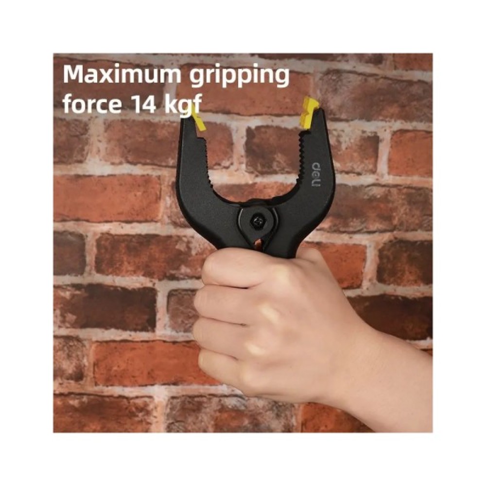 Сила затиску 14 кг забезпечує стабільне утримання без ковзання, а міцний корпус додає інструменту професійного вигляду та підвищеної витривалості. Ергономічна форма робить затискач зручним у використанні однією рукою. Упакований з етикеткою — компактний, практичний і повністю готовий до роботи.
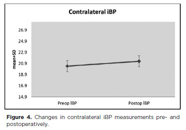 Changes in ipsilateral iBP measurements pre-and postoperatively were not statistically significant (p>0.05). However, the average increase of 0.88 ± 1.61 units in contralateral iBP measurements postoperatively compared with that preoperatively was statistically significant (p=0.006; p<0.01) (Table 1 and Figure 4).
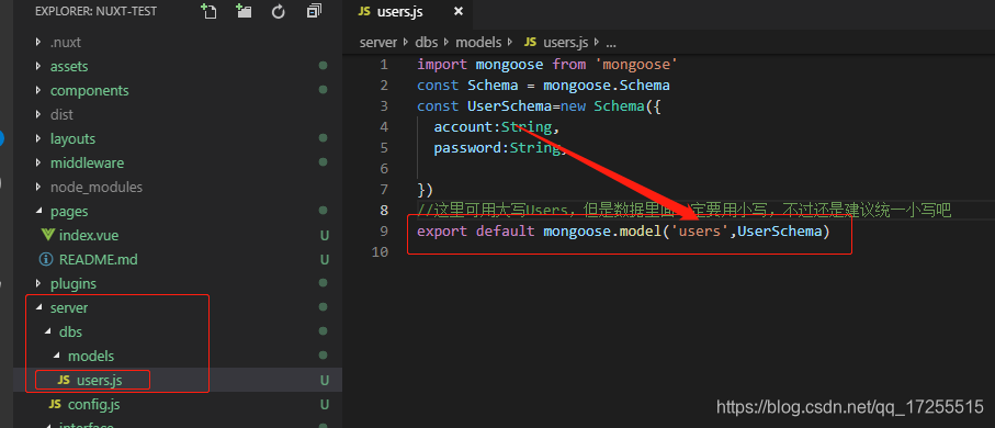 - 数据查不出来,原因:如下图,之前我写的是 export default mongoose.model(‘Users’,UserSchema),数据表也是“Users”后来发现数据表要小写才可以,所有就统一用小写了
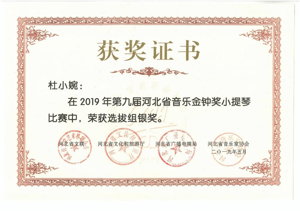 2019年5月,中国音乐金钟奖河北赛区选拔赛在石家庄举行。我校艺术学院杜小婉老师在小提琴组比赛中斩获银奖,并将于今年十月代表河北省参加全国金钟奖角逐。
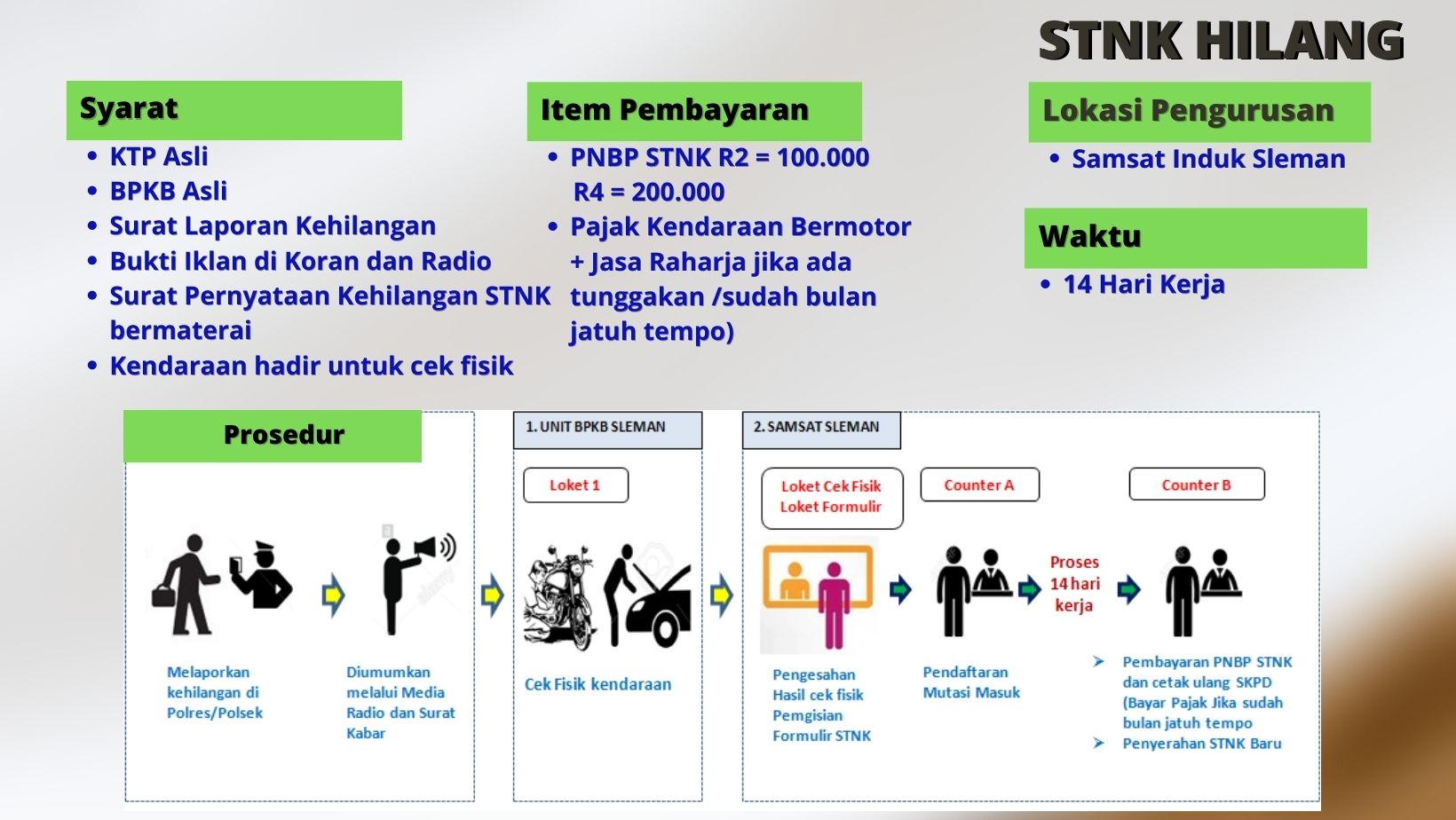 Setelah persyaratan terpenuhi silakan mengajukan permohonan duplikat STNK ke Samsat. Proses permohanan duplikat STNK dimulai dari cek fisik di layanan cek fisik BPKB Sleman yang berada di halaman depan Samsat Sleman. Setelah cek fisik silakan menuju ke loket cek fisik di Basement Samsat untuk pengesahan dan mengambil formulir permohonan STNK di Loket Formulir.
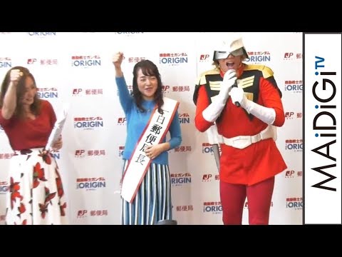 アニメ「機動戦士ガンダム THE ORIGIN」でセイラ・マス役の声優を務めた潘めぐみさんが5月15日、東京中央郵便局(東京都千代田区)で開催された「機動戦士ガンダムTHE ORIGIN <シャア・セイラ編>フレーム切手セット 」発売記念イベントに出席。潘さんは一日郵便局長も務めた。イベントにはシャアのものまねで人気のぬまっちさん、MCで元SKE48の古川愛李さんも登場した。
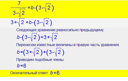 При каком значения параметра b число 3 − √(2) является корнем уравнение обыкновенная дробь 7/x=b-x
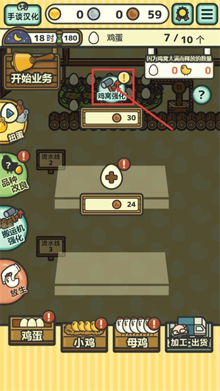 是一款畫風(fēng)治愈的卡通模擬經(jīng)營,聚焦養(yǎng)雞工廠的全鏈條運(yùn)營,從雞蛋孵化、雛雞成長到成雞產(chǎn)蛋、成品加工,每個(gè)環(huán)節(jié)都需玩家親力規(guī)劃。作為新任廠長,核心目標(biāo)是通過科學(xué)經(jīng)營實(shí)現(xiàn)收益增長,手動(dòng)點(diǎn)擊加速機(jī)制讓生產(chǎn)節(jié)奏可控,獨(dú)特的晝夜循環(huán)系統(tǒng)劃分生產(chǎn)與升級(jí)階段,搭配多樣經(jīng)營策略,帶來沉浸式且充滿趣味的工廠管理體驗(yàn)。1、當(dāng)積累【7到10個(gè)雞蛋】后,消耗【30】資源執(zhí)行【雞窩強(qiáng)化】操作,能夠增強(qiáng)雞窩的承載能力并提高其產(chǎn)出效率。
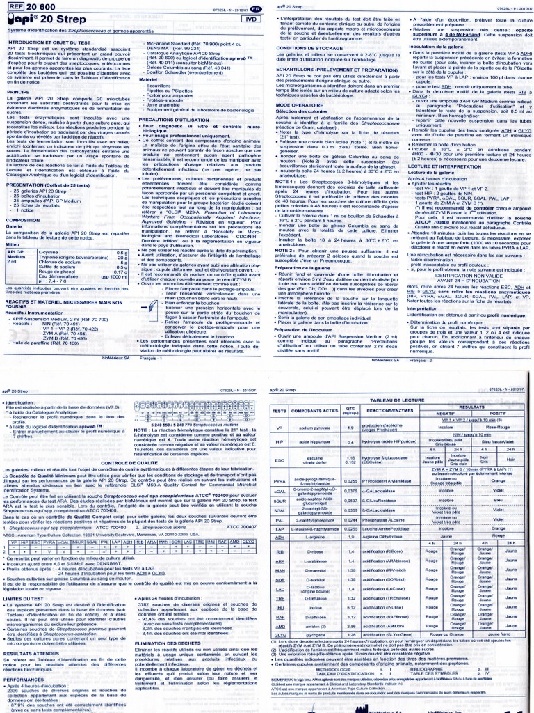 API 20 Strep IVD Identification System Summary (20 600 07625L) - Studocu

■ PROBLEM DESCRIPTION: Drop the pictures, then transcribe the lines from the one containing "是一款畫風(fēng)治愈的" to the end of the data above, exactly and nothing more.

■ ANSWER SECTION:
 是一款畫風(fēng)治愈的卡通模擬經(jīng)營,聚焦養(yǎng)雞工廠的全鏈條運(yùn)營,從雞蛋孵化、雛雞成長到成雞產(chǎn)蛋、成品加工,每個(gè)環(huán)節(jié)都需玩家親力規(guī)劃。作為新任廠長,核心目標(biāo)是通過科學(xué)經(jīng)營實(shí)現(xiàn)收益增長,手動(dòng)點(diǎn)擊加速機(jī)制讓生產(chǎn)節(jié)奏可控,獨(dú)特的晝夜循環(huán)系統(tǒng)劃分生產(chǎn)與升級(jí)階段,搭配多樣經(jīng)營策略,帶來沉浸式且充滿趣味的工廠管理體驗(yàn)。1、當(dāng)積累【7到10個(gè)雞蛋】后,消耗【30】資源執(zhí)行【雞窩強(qiáng)化】操作,能夠增強(qiáng)雞窩的承載能力并提高其產(chǎn)出效率。
 API 20 Strep IVD Identification System Summary (20 600 07625L) - Studocu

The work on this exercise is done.